* PROBLEM STATEMENT: Could you write out every record below exactly, leaving the pictures out?

◆ ◆ ◆ ◆ ◆ ◆ ◆

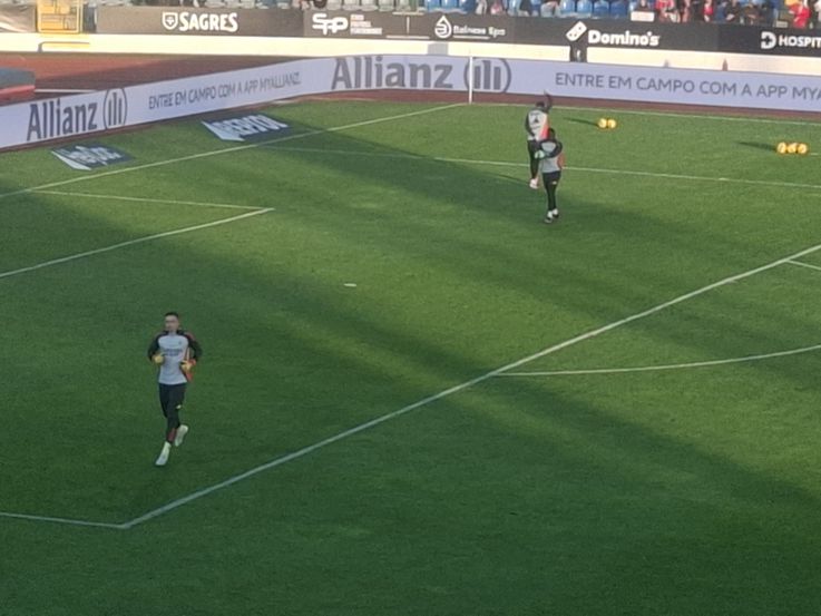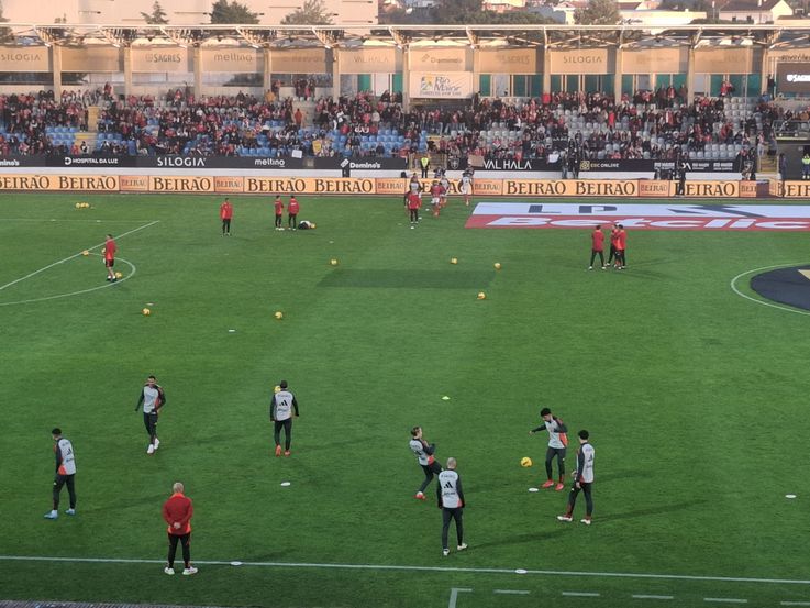 Os titulares e os suplentes do Benfica também já estão a aquecer no relvado do Estádio Municipal de Rio Maior:
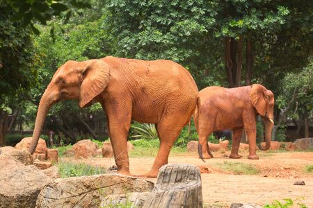 Two adult Elephants, Loxdonta Africana, walking on red sand. Back view. Safari game drive in Madikwe Reserve, South Africa, near Botswana and Kalahari Desert. The African Elephant is part of Big Five.
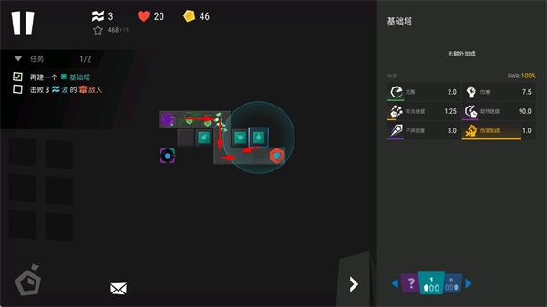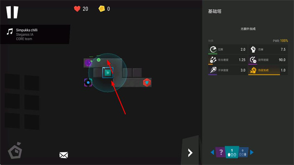2、在地圖區(qū)域放置基礎(chǔ)塔,利用塔的攻擊功能抵御敵人入侵。
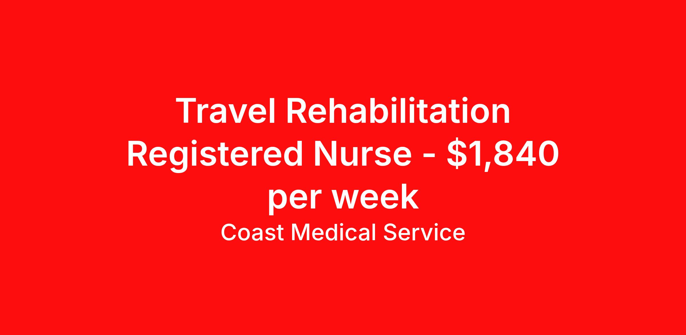 Coast Medical Service is seeking a travel nurse RN Rehabilitation for a travel nursing job in Natchez, Mississippi. Job Description & Requirements Specialty: Rehabilitation Discipline: RN Start Date: ASAP Duration: 13 weeks 36 hours per week Shift: 12 hours, nights Employment Type: Travel Coast Medical Service is a nationwide travel nursing & allied healthcare staffing agency dedicated to providing an elite traveler experience for the experienced or first-time traveler. Coast is featured on Blue Pipes' 2023 Best Travel Agencies and named a 2022 Top Rated Healthcare Staffing Firm & 2023 First Half Top Rated Healthcare Staffing Firm by Great Recruiters. Please note that pay rate may differ for locally based candidates. Please apply here or contact a recruiter directly to learn more about this position & the facility, and/or explore others that may be of interest to you. We look forward to speaking with you! Coast Medical Services Job ID 35906529. Pay package is based on 12 hour shifts and 36.0 hours per week (subject to confirmation) with tax-free stipend amount to be determined. Posted job title: RN:Rehabilitation,19:00:00-07:30:00
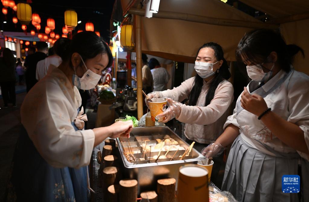 攤主在??谌赵聫V場(chǎng)的古風(fēng)市集售賣(mài)小吃(2月19日攝)。
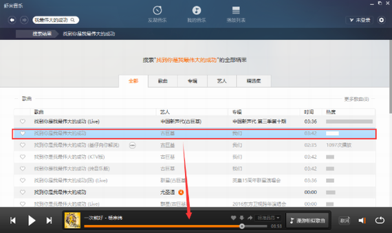 3、想要播放器某首歌曲的时候,选中合适的歌曲拖到如图所示的位置
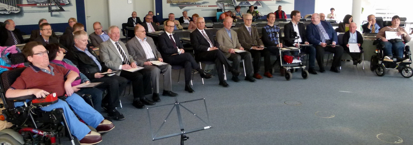 Landrat Dr. Karl Schneider und Kreisdirektor Dr. Klaus Drathen mit den geehrten Behinderteninteressenvertretern. / Foto: Pressestelle HSK
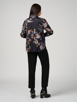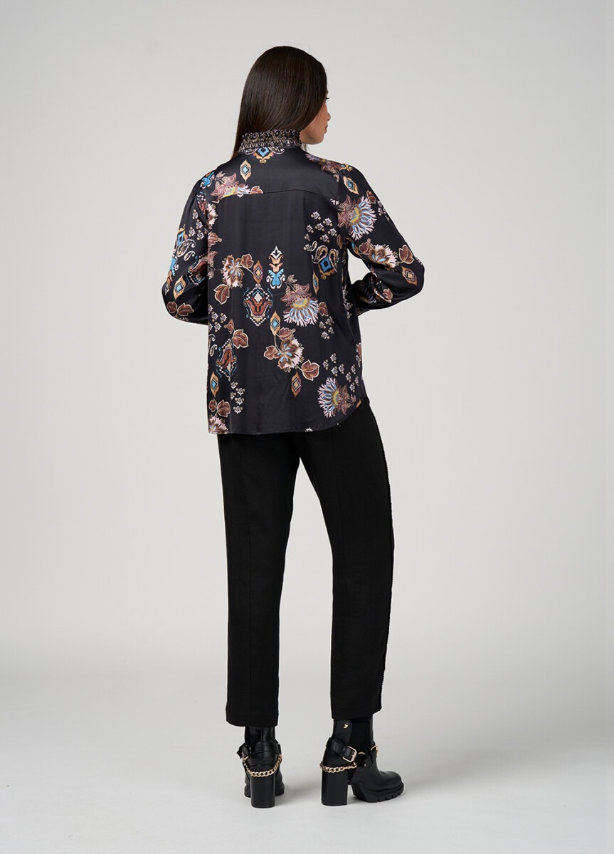 Stretch sateen blouse iwth an edge to edge self covered button and loop front placket. Shirred romantic collar and button cuffs.
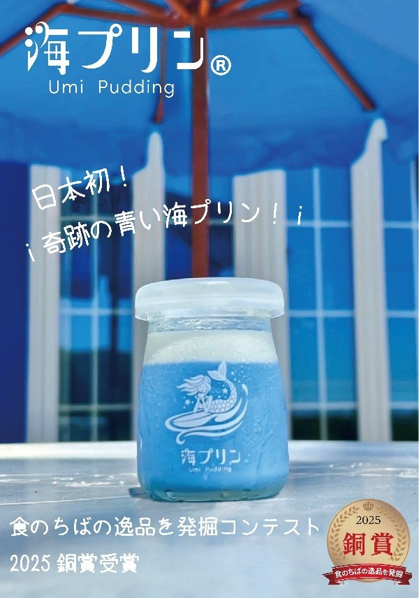 東京オリンピックのサーフィン競技開催地“サーフタウン”一宮町で生まれた日本初の奇跡のとろける青い海プリン。海の青と砂浜の白をイメージし、一年半かけて誕生しました。濃厚な味わいと滑らかな口当たりの王道プリンは、「食のちばの逸品を発掘2025」で銅賞を受賞した逸品です。
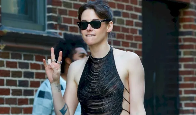 Candid picture of Kristen Stewart showing nipple in a see through top as she arrives for an appearance at The Late Show with Stephen Colbert
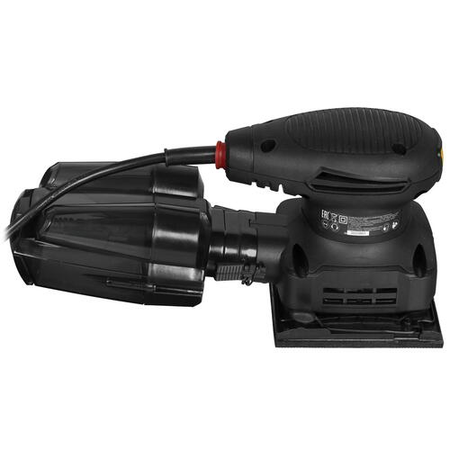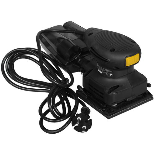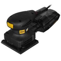 Прямоугольная подошва виброшлифмашины CAT DX47 оснащена специальными зажимами, при помощи которой на ней фиксируется лист шлифовальной бумаги. С данной моделью можно использовать оснастку размером 110x103 мм. Благодаря пылесборнику пыль, возникающая в процессе шлифовки, собирается в специальный контейнер, не оседая на окружающие поверхности. Функционирует устройство от обычной электросети, к которой оно подключается при помощи трехметрового кабеля.
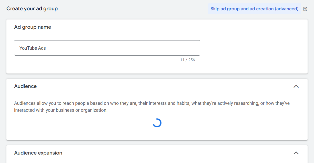 在广告组中,填写广告组名称后,你需要设置自定义受众。如果你不熟悉受众设置部分,可以阅读这篇文章获取更详细的说明。然后开始创建受众。Google Ads 受众定向解释
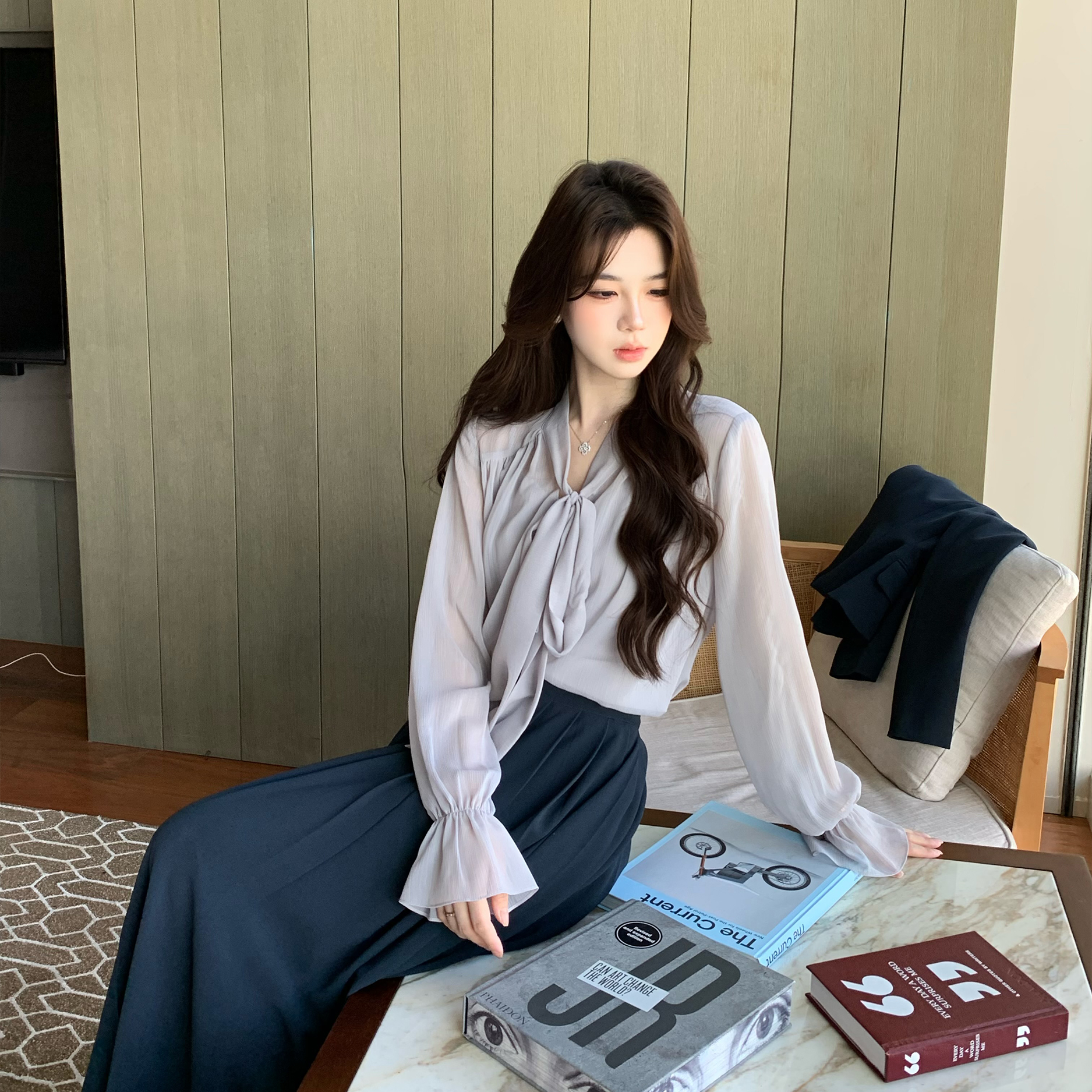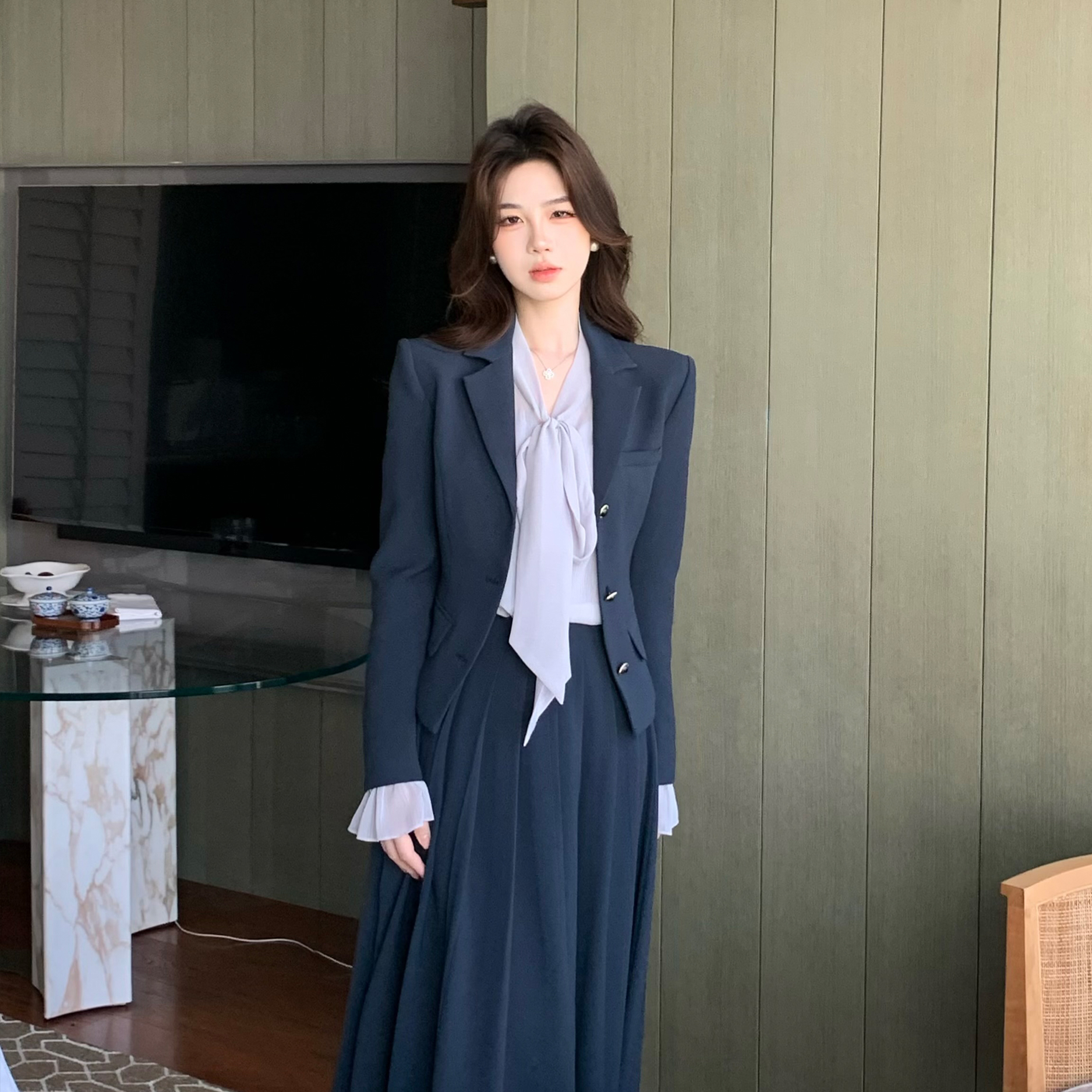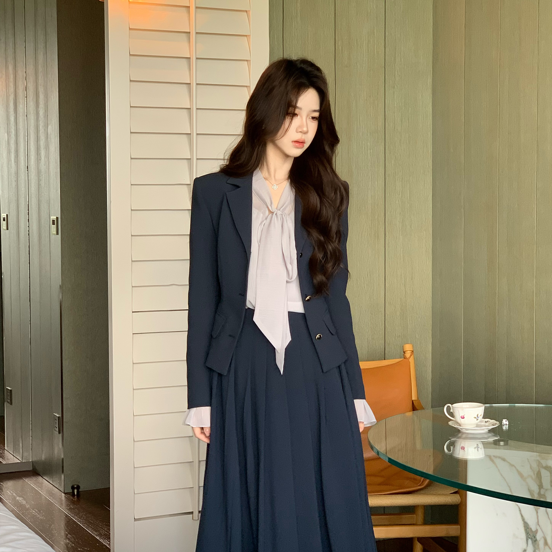 木子李的李优雅长袖垂感宽松衬衫上衣西装外套百褶半身裙套装秋冬
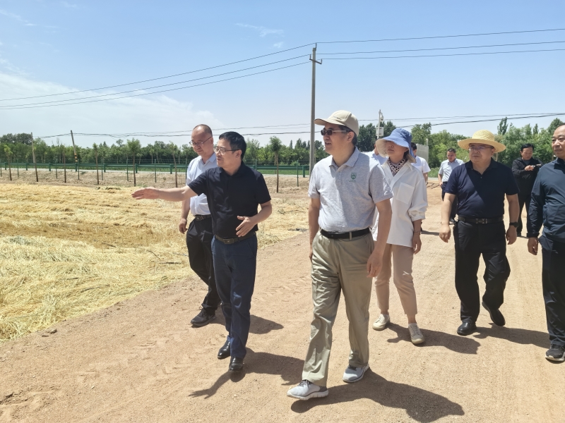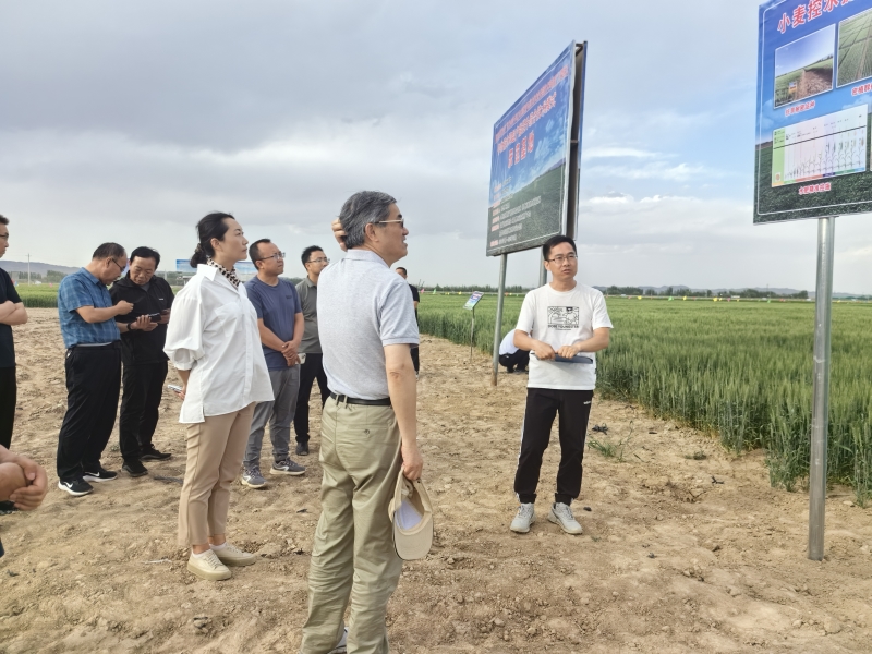 座谈会后,康绍忠、田青一行在金昌市副市长肖进银陪同下,先后赴金川区节水智能灌溉控制试验基地、金川区农业智慧灌溉高效节水示范基地、永昌县东寨镇浅埋滴灌小麦示范基地等现场考察,与地方农技人员、种植大户进行深度交流,详细了解当地农田灌溉及水资源利用现状。
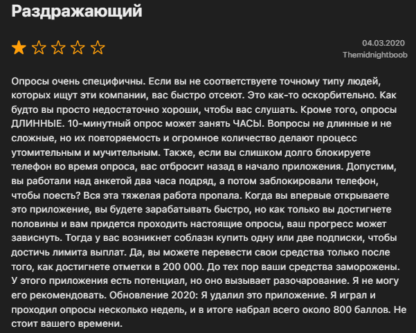 Другие жалуются на ограничения доступа к опросам Stormx – хотя в открытом доступе компания про них вообще ничего не говорит. Также критикуется минимальный лимит на вывод – якобы недостижимая сумма.

◆ ◆ ◆ ◆ ◆ ◆ ◆

* OUTPUT OF THE TASK:
 Os titulares e os suplentes do Benfica também já estão a aquecer no relvado do Estádio Municipal de Rio Maior:
 Two adult Elephants, Loxdonta Africana, walking on red sand. Back view. Safari game drive in Madikwe Reserve, South Africa, near Botswana and Kalahari Desert. The African Elephant is part of Big Five.
2、在地圖區(qū)域放置基礎(chǔ)塔,利用塔的攻擊功能抵御敵人入侵。
 Coast Medical Service is seeking a travel nurse RN Rehabilitation for a travel nursing job in Natchez, Mississippi. Job Description & Requirements Specialty: Rehabilitation Discipline: RN Start Date: ASAP Duration: 13 weeks 36 hours per week Shift: 12 hours, nights Employment Type: Travel Coast Medical Service is a nationwide travel nursing & allied healthcare staffing agency dedicated to providing an elite traveler experience for the experienced or first-time traveler. Coast is featured on Blue Pipes' 2023 Best Travel Agencies and named a 2022 Top Rated Healthcare Staffing Firm & 2023 First Half Top Rated Healthcare Staffing Firm by Great Recruiters. Please note that pay rate may differ for locally based candidates. Please apply here or contact a recruiter directly to learn more about this position & the facility, and/or explore others that may be of interest to you. We look forward to speaking with you! Coast Medical Services Job ID 35906529. Pay package is based on 12 hour shifts and 36.0 hours per week (subject to confirmation) with tax-free stipend amount to be determined. Posted job title: RN:Rehabilitation,19:00:00-07:30:00
 攤主在??谌赵聫V場(chǎng)的古風(fēng)市集售賣(mài)小吃(2月19日攝)。
 3、想要播放器某首歌曲的时候,选中合适的歌曲拖到如图所示的位置
 Landrat Dr. Karl Schneider und Kreisdirektor Dr. Klaus Drathen mit den geehrten Behinderteninteressenvertretern. / Foto: Pressestelle HSK
 Stretch sateen blouse iwth an edge to edge self covered button and loop front placket. Shirred romantic collar and button cuffs.
 東京オリンピックのサーフィン競技開催地“サーフタウン”一宮町で生まれた日本初の奇跡のとろける青い海プリン。海の青と砂浜の白をイメージし、一年半かけて誕生しました。濃厚な味わいと滑らかな口当たりの王道プリンは、「食のちばの逸品を発掘2025」で銅賞を受賞した逸品です。
 Candid picture of Kristen Stewart showing nipple in a see through top as she arrives for an appearance at The Late Show with Stephen Colbert
 Прямоугольная подошва виброшлифмашины CAT DX47 оснащена специальными зажимами, при помощи которой на ней фиксируется лист шлифовальной бумаги. С данной моделью можно использовать оснастку размером 110x103 мм. Благодаря пылесборнику пыль, возникающая в процессе шлифовки, собирается в специальный контейнер, не оседая на окружающие поверхности. Функционирует устройство от обычной электросети, к которой оно подключается при помощи трехметрового кабеля.
 在广告组中,填写广告组名称后,你需要设置自定义受众。如果你不熟悉受众设置部分,可以阅读这篇文章获取更详细的说明。然后开始创建受众。Google Ads 受众定向解释
 木子李的李优雅长袖垂感宽松衬衫上衣西装外套百褶半身裙套装秋冬
 座谈会后,康绍忠、田青一行在金昌市副市长肖进银陪同下,先后赴金川区节水智能灌溉控制试验基地、金川区农业智慧灌溉高效节水示范基地、永昌县东寨镇浅埋滴灌小麦示范基地等现场考察,与地方农技人员、种植大户进行深度交流,详细了解当地农田灌溉及水资源利用现状。
 Другие жалуются на ограничения доступа к опросам Stormx – хотя в открытом доступе компания про них вообще ничего не говорит. Также критикуется минимальный лимит на вывод – якобы недостижимая сумма.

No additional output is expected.